All processed pet foods – whether sold in cans, bags, or frozen packages, in either giant supermarket chains or local health food stores – are missing something that seems to me to be one of the most important “nutrients” of all. This key ingredient is something nutritional scientists have practically ignored. But when it’s there, you and I can know it and feel it. It is a quality found only in freshly grown, uncooked whole foods. It’s life energy.
The many objections we can make about the nutritional quality of animal convenience foods boil down to two basic types: these foods don’t contain things we wish they did, and do contain things we wish they didn’t… The two basic problems are linked together as an unhappy pair because the presence of various toxins and pollutants actually increases the body’s needs for high quality nutrients necessary for combating or eliminating these contaminants. When the overall nutrition is already lower that it should be, we are inviting trouble.”
Christina Chambreau, DVM
“Meat should be raw. Cooking destroys enzymes and denatures the proteins rendering them less digestible to cats and dogs. Dogs and cats need raw meat to be really healthy and even the best processed foods cook their good ingredients, & most commercially available foods, even the expensive ones, use the cheapest ingredients (that means dead, diseased and decaying meat & by-products).”
William Pollak, DVM
“Health is an inevitable by-product of natural raw foods for our pets. Survival is insured by commercial food; nothing more; not health, not the robustness for life. The results of a clinical trial suggest that 74.7% of common diseases in dogs and 63% of common diseases in cats can be eliminated without medical intervention over a period of one year with proper diet modifications and an understanding of the healing process as exhibited through healing episodes. Approaching disease from the perspective of health is the most powerful means of eliminating disease. Poor fuel makes for little momentum in life. The commercial food we are feeding is the disease we are treating – so treat on and on, curing one disease after another, again and again. In the wild, no one cooks for the coyote or wolf; no one brushes their teeth. Their foods are raw and unprocessed. Eating supermarket pet foods is like eating cardboard. Our pets just get by on them and the foods lack any real vitality for the flourishing of health. Life is designed to be lived in vitality; surviving is living a slow death even before departure from the body.”
T.J. Dunn, DVM
“Modern man has modified a number of characteristics of the canine. But there’s one thing man has not altered… the basic nutrient requirements of the dog. Dogs need today essentially the same nutrients that their predecessors required eons ago.
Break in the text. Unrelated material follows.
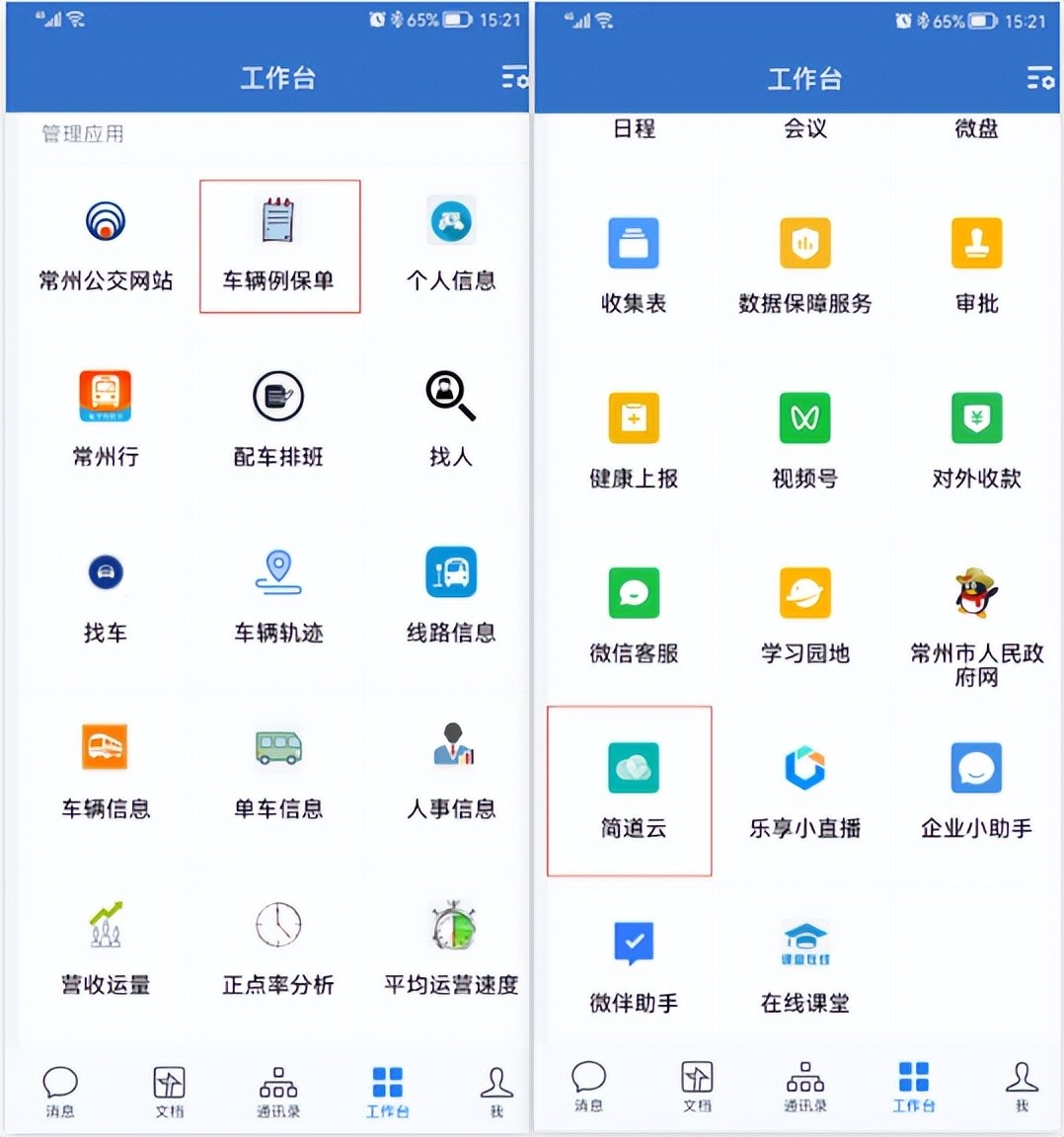 常州公交已经全面使用企业微信,企业微信是公司移动端应用的统一平台。在使用“简道云”之初,就把两者绑定起来。通讯录、组织架构全部进行了同步,流程信息推送直接推送到手机端的企业微信里,这样“简道云”就完美地融入了移动应用平台。应用的操作入口是企业微信-工作台-车辆例保单,或者直接进入“简道云”模块。

That is precisely why there has been so much notice given to the practice of feeding dogs (and cats, too!) raw meat and other unprocessed foods. There is ample proof that today’s pet dogs and cats DO NOT thrive on cheap, packaged, corn-based pet foods. Dogs and cats are primarily meat eaters; to fill them up with grain-based processed dry foods that barely meet minimum daily nutrient requirements has proven to be a mistake. And the fact that some pet foods have artificial colors and flavors added simply reveals the trickery needed to coax dogs and cats into consuming such material.”
British Journal of Small Animal Practice
“A growing number of vets state that processed pet food is the main cause of illness and premature death in the modern dog and cat. In December 1995, the British Journal of Small Animal Practice published a paper contending that processed pet food suppresses the immune system and leads to liver, kidney, heart and other diseases. This research, initially conducted by Dr. Tom Lonsdale, was researched further by the Australian Veterinary Association and proven to be correct.”
Russell Swift, DVM
“Grains are NOT part of the natural diet of wild dogs and cats. Carnivores cannot maintain long term production of the quantity of amylase enzyme necessary to properly digest and utilize the carbohydrates.”